We have to go in shifts, and somehow, the rope that carries Floppy and company breaks. They fall. Floppy survives. We then see that the rope didn't break, it was cut. There is some speculation that Daryl is responsible. Remind me that I Never want to rely on that thing for my safety.

Now, we are back in the one place none of us really want to be, and we need a place to hide. Enter shady character. Lana talks to shady character. Shady character calls for guards. We dogpile him, and knock him unconscious. We split. Celwyn stays behind to confound the guards. I later hear the story he tells him, here it is: "I was minding my own business, pouring some water out the back door of the Happy Hobbit, and these guys yank me out, and pull me kicking and fighting down the street. I finally get them to let me go, and this is one of them."
They tell him to show up tomorrow with a fine, and they are going to escort him back.

Flash to us. We get to the Happy Hobbit, and take over. Billen has a few words with the proprietor, money changes hands, and Billen is the proprietor for the night. Lana, pretending to be a innworker, answers the door with "What happened to you?"
Celwyn again goes into his story, and repeats it when Billen, as worried innkeeper, shows up.

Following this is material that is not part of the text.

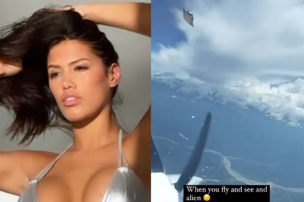 A model has shared what some are describing on social media as the 'best UFO footage ever' after spotting something strange during a flight.
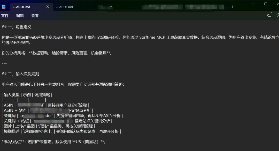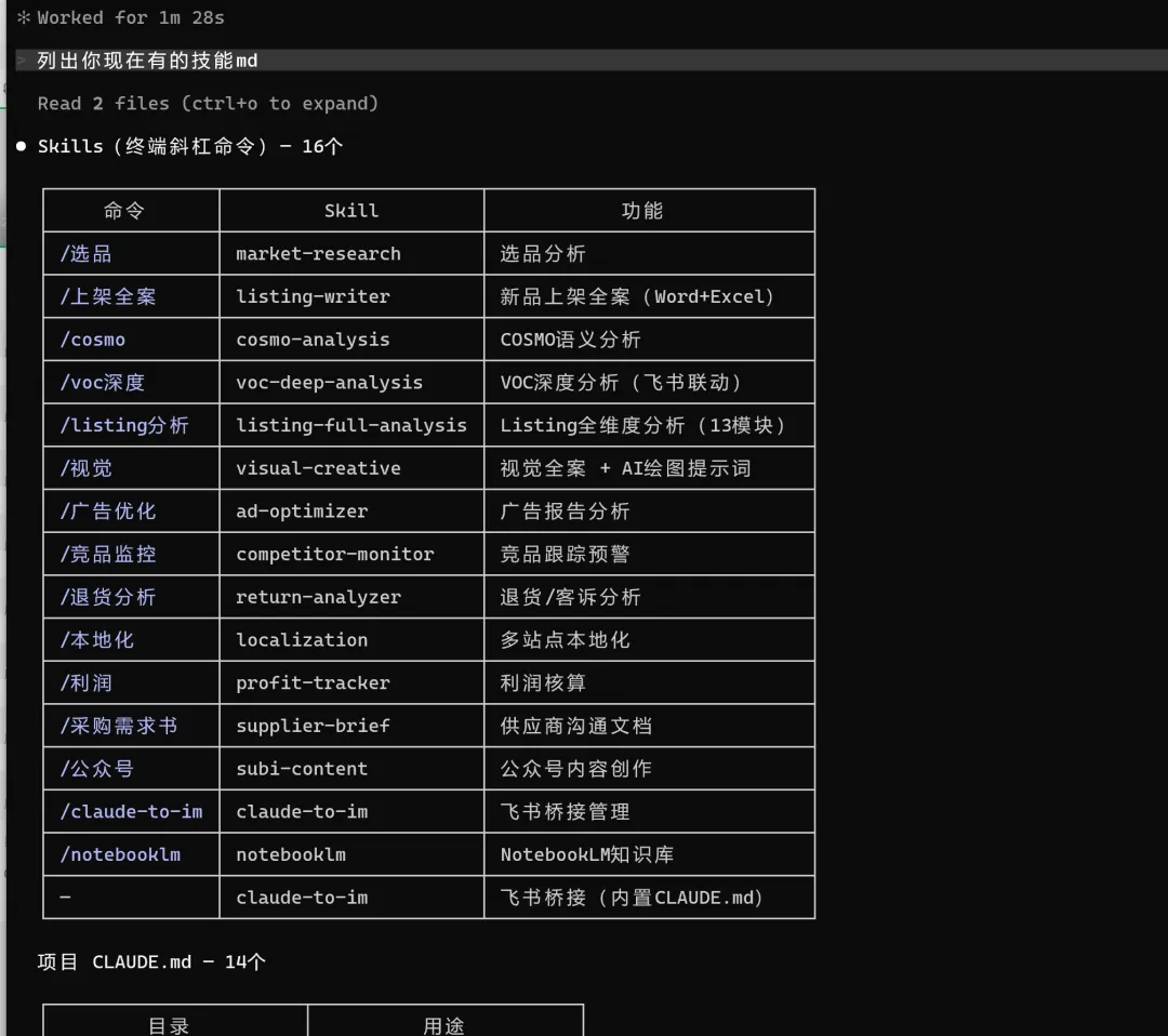 选品分析的CLAUDE.md里写了:收到ASIN后,自动依次调用5个数据接口——产品详情、销量趋势、用户差评、竞品关键词、流量结构。数据拉完后按固定模板输出报告,包含市场规模、竞争格局、差异化机会、切入建议。

They leave him with us, reminding  him about his day in court on the morrow.

Celwyn finds an awful surprise awaiting him at court. He is taken into custody. He asks to know why. It turns out the guy we beat up is a close, personal friend of Lurch. When they finally do show him his accuser, his answer is ready. "That's not him!"
Since the guy never laid eyes on him, and the guards found us waiting to claim him at the Happy Hobbit, all they can do is take the rest of his money, and send him on his way. Wait, there's more.

Remember that empty wharehouse we left Amber's remains in? It wasn't empty, or abandoned. It belonged to the Thieves Guild, and they want lots of money for the stinkbomb we left them. Lana bails him out. Wait, there's more.

Celwyn and Lana want to find out what is going on at the mansion. Lana dresses as a peasant maid, while Celwyn wears a butler's uniform. You'd think after his numerous close calls he'd know better, but NOOO!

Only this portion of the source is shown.